Brenda/Carole scoffed, flinging her vape-holding hand into the air. "Why is everyone hellbent on ruining my vision? For Christ's sake, I passed on a twenty-four-episode sitcom for this. It's like everyone on the payroll is actively trying to ruin it before we've even begun. I didn't give up the chance to work with Ms. Jackson just to see it all shot to hell because of an argumentative little queen."
"That's homophobic," Jordan said.
"Oh, go to hell. I'm a lesbian. Don't give me that 'homophobic' bullshit," she said.
"Ms. Jackson?" I said. "You passed on Janet to work with me?" Jesus. I couldn't even begin to unpack that fact-filled suitcase. Did she really have that much faith in the project? That much faith in me, of all people? I couldn't remember a single moment where I'd felt so seen as an artist.
Brenda/Carole mumbled something under her breath, far too low for me to decipher.
"What was that?" Jordan said.
"La Toya. It was a project with La Toya Jackson. Now get the hell in that diner and give us a show. I know I said that when we were done here, you'd have the rest of the day to yourselves, but I'll keep you here all night if that's what it takes." Brenda/Carole shoved her vape into her pocket before stepping out of the camera's shot. It was time for us to enter, apparently.
"And, action," I whispered, reaching for the door handle.
The door squeaked as I opened it, and a tiny bell chimed, announcing our arrival. There was a cameraman standing next to a display case filled to the brim with Minnie's famous muscadine fritters and blackberry pies. As we waited to be greeted, fellow Tallulahns darted their eyes in our direction, trying to catch sight of the city's most famous export without being too obvious.
Something seemed off about the situation inside. I knew Tallulah had never been a hotbed for the latest fashion trends, but as I took in the sight of her residents, it almost felt like Minnie's Diner had been overrun with vagabonds and hillbillies.
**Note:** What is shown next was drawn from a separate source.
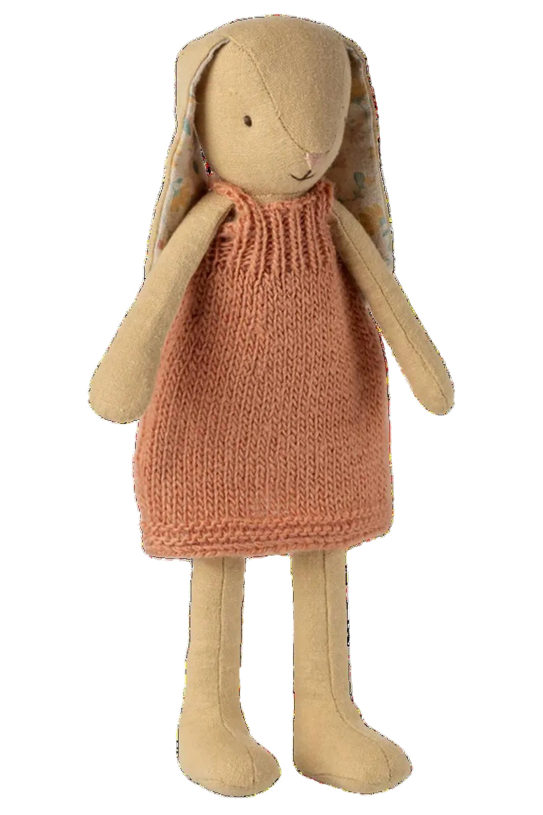 Een konijn van Maileg met een gebreide jurk in een roze-bruine tint. Het konijn heeft lange hangoren met een meerkleurig patroon aan de binnenkant en een licht crèmegele vacht.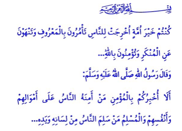 Yüce Rabbimiz Kur’an-ı Kerim’de şöyle buyuruyor: “Siz, insanlar için ortaya çıkarılmış en hayırlı ümmetsiniz. İyiliği emredersiniz, kötülükten alıkoyarsınız ve Allah’a inanırsınız...”

I recognized a few familiar faces, which made the entire situation all the queerer.
Dr. Salazar, the local pediatrician, was dressed in overalls with no shirt underneath. One of the straps was unbuttoned and hanging off his shoulder, his nipple peeking out proudly. He must not have noticed Minnie's sign stating 'no shoes, no shirt, no flippin' way you're eating here, darlin.'
In the booth behind him, Lao Min, the town's most prominent florist, had a sunflower in her hair. That was lovely and all, but she was also scantily clad in a pair of Daisy Dukes, and she was wearing a red flannel shirt tied in a knot above her waist. Had anyone else been wearing it, I could have handled the outfit, but Mrs. Min was in her late eighties.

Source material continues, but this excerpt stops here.